What he’s right about is that having a medal from Sweden doesn’t mean that you’re wise, or even sensible. And it certainly doesn’t grant you the right to have your opinion treated as gospel. Maybe the prize entitles you to a hearing, but no more than that; from there on, it’s the quality of the argument that matters. And if an economist, no matter how credentialed, consistently makes low-quality arguments, he should be tuned out — whereas someone who consistently makes very good arguments deserves attention, even if he or she lacks impressive-sounding formal credentials.

And oh yes, I deliberately included the “or she” in the second half of that sentence, but not the first. At this point we don’t have any highly credentialed female economists making insane arguments, while we have many women who deserve more attention than they get.

House is also right about one reason people smart enough to win a big prize can say remarkably stupid things: in many cases they are hedgehogs rather than foxes, experts in one narrow area with little sense of others.
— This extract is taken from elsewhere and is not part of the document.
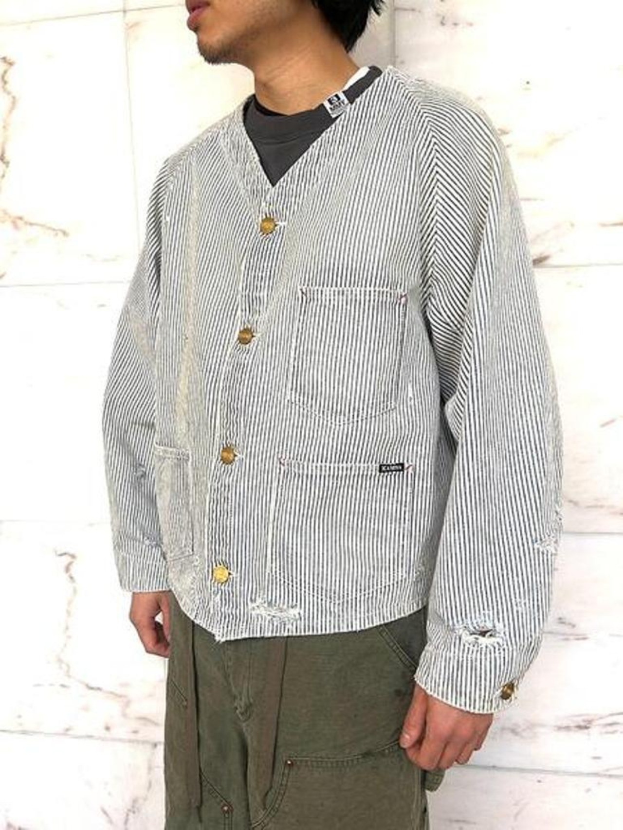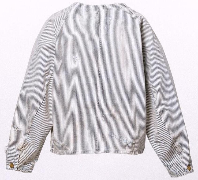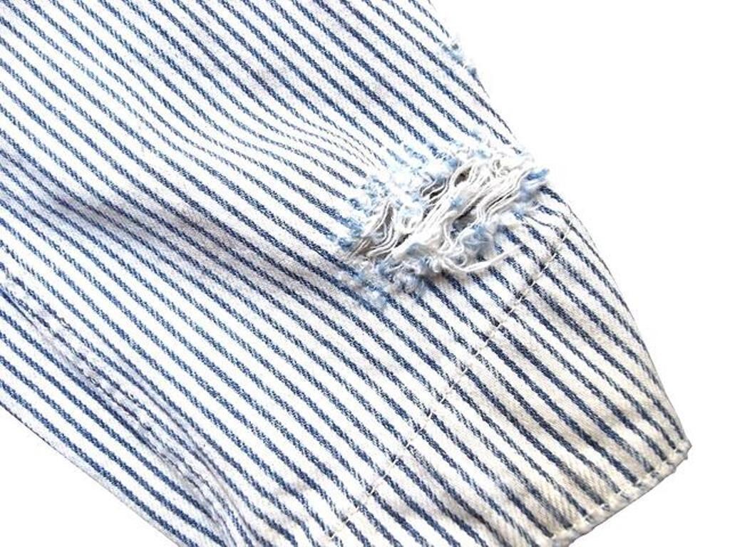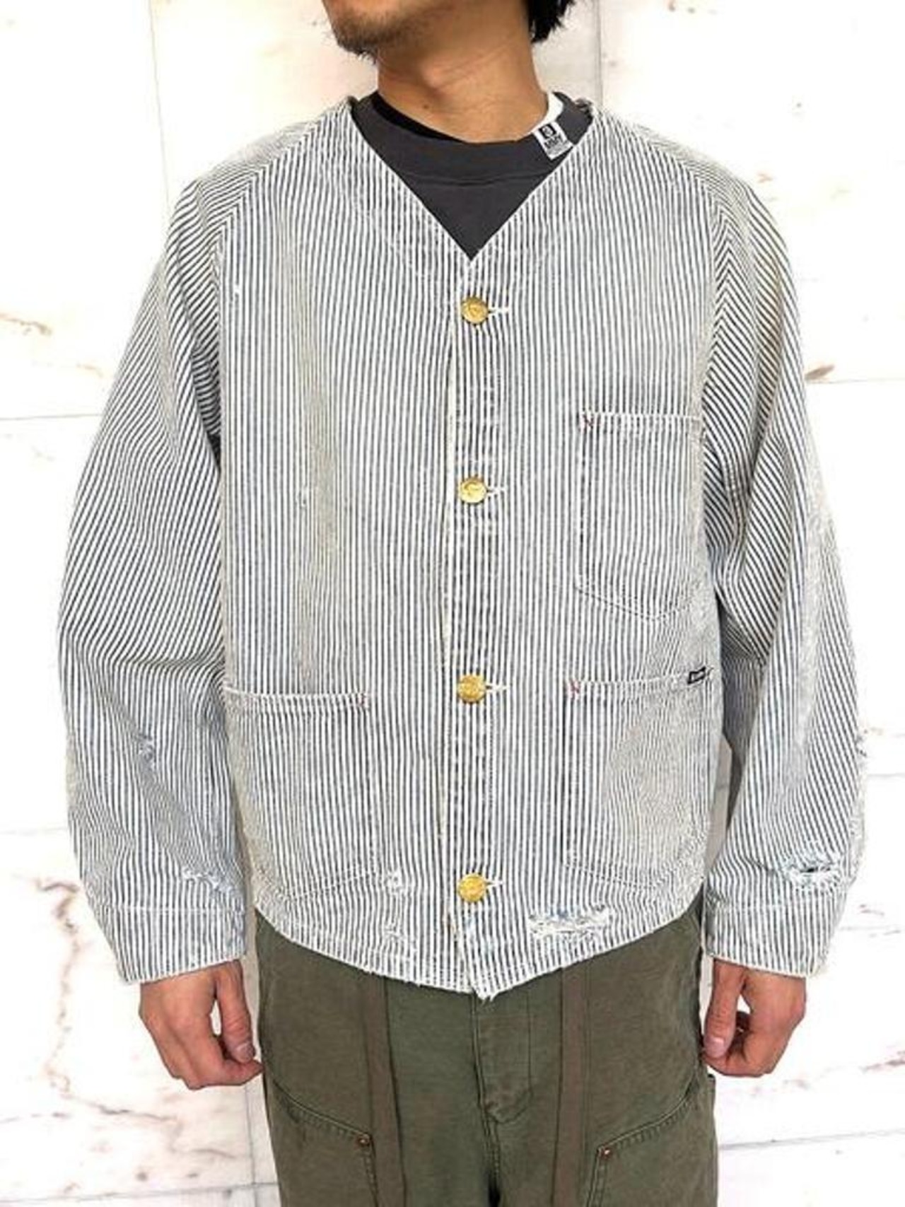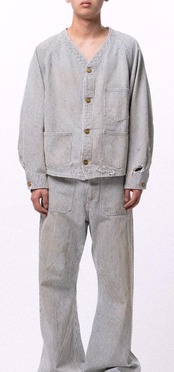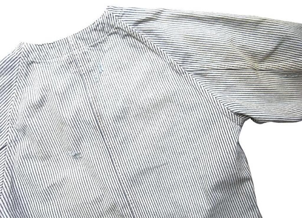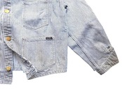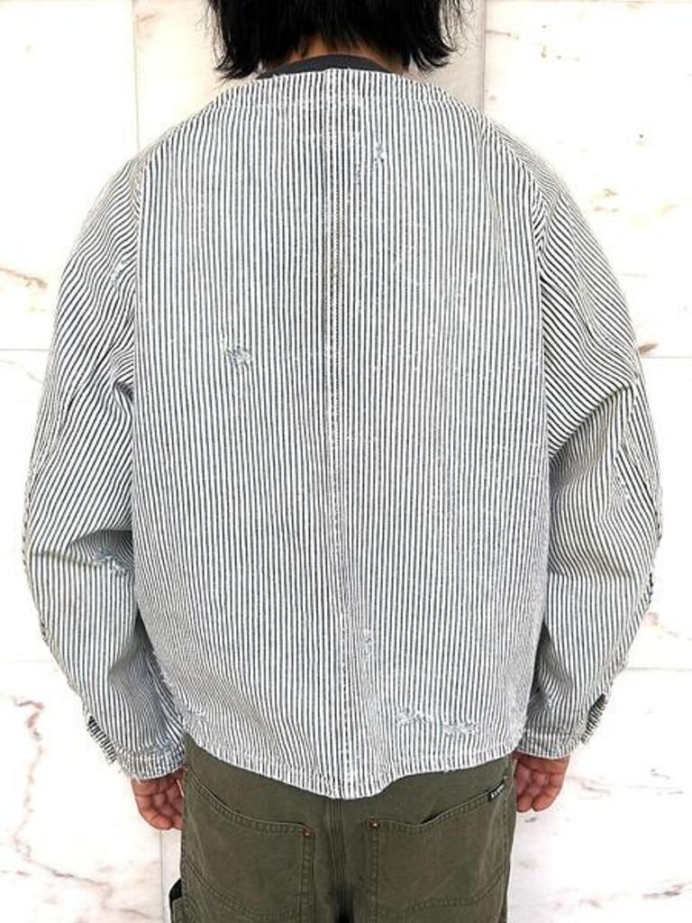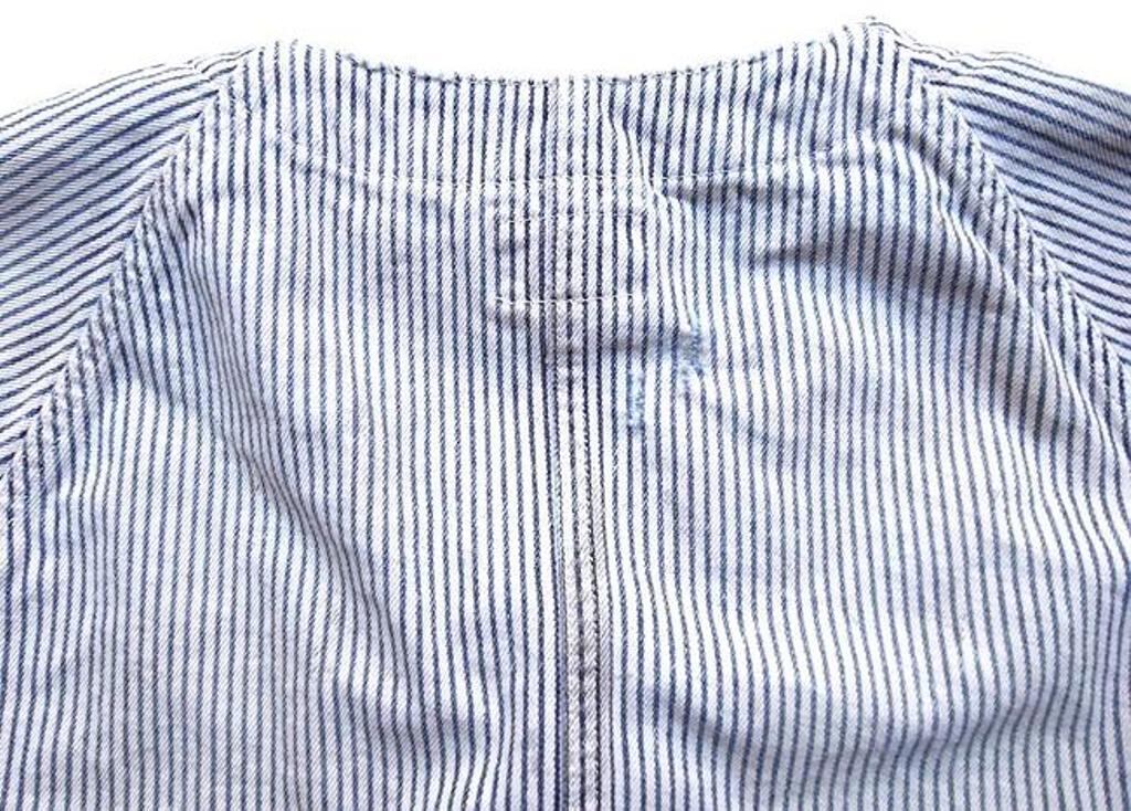 ■12ozヒッコリー生地を使用したワークジャケット。時間の経過を感じさせる強いエイジング加工。ボタンアップ。フロントポケット。レギュラーシルエット。

Worse, it’s pretty common to have done one big thing which turns out to be wrong. And it’s a natural human tendency to refuse to accept that, to let ego dominate empirical evidence.

But while this is a natural human tendency, it’s also a mortal sin. I see it all the time: economists and public intellectuals of all kinds (and pundits of all kinds too) digging into an obviously false position because they refuse to admit that they were wrong — and it’s truly shameful. Folks, we’re talking about real policies that can make or break millions of lives. If you let your ego dictate your position on, say, monetary policy, rather than do your best to get it right, you’re doing something truly vile.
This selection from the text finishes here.